Irfan Yusuf is a lawyer, award-winning author, commentator and humorist. His comic memoir "Once Were Radicals: My Years As A Teenage Islamo-fascist" was published in May 2009. He currently lives in Sydney where he is completing his doctorate.
Tuesday, September 28, 2010
CRIKEY: The real Delhi: not as dirty, scary and chaotic as the media thinks
Over the past few weeks, we’ve read western sporting officials declare that Delhi’s Commonwealth Games won’t work because the city (and in particular the athletes’ village) is “filthy”, “uninhabitable” and “seriously compromised”.

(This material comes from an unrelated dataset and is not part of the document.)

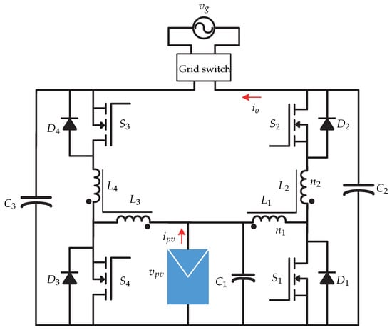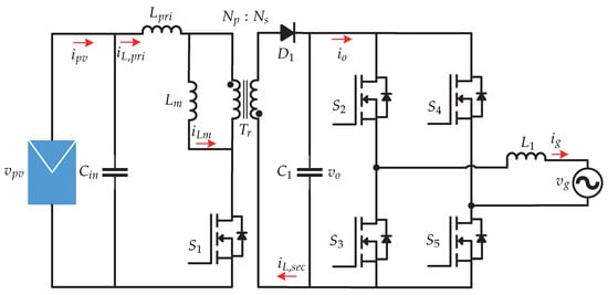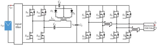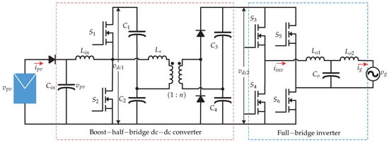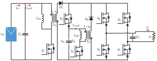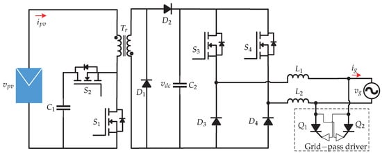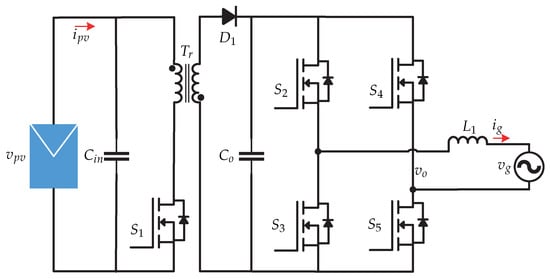 Microinverters can be classified into four categories [,], such as: one-stage topology without galvanic isolation; two-stage topology without galvanic isolation; one-stage topology with galvanic isolation; and two-stage topology with galvanic isolation.

It’s true that many Indians have been mightily peeved with their government’s handling of the affair. Tejaswini Patil writes that “one of the English media channels in India conducted a panel discussion which referred to the CWG mishaps as ‘national shame’”. And Amol Rajan talks of “the cruel irony” that “most Indians don’t care about the Games, because it will have such little effect on them”: ”And in any case, they care about cricket, not athletics. To them, the event is above all an expensive nuisance, and a distraction from the daily grind.”
The Indian media, like their Pakistani colleagues, know how to be critical of their government. I’m reminded of this each time I visit the house of my parents (both of whom were born in Delhi) and watch them switching between South Asian news channels. Indians have bigger fish to fry than dust on the toilet boils where elite athletes will be placing their buttocks. They’re more worried about more basic issues like the Indian authorities misleading the public on maternal mortality.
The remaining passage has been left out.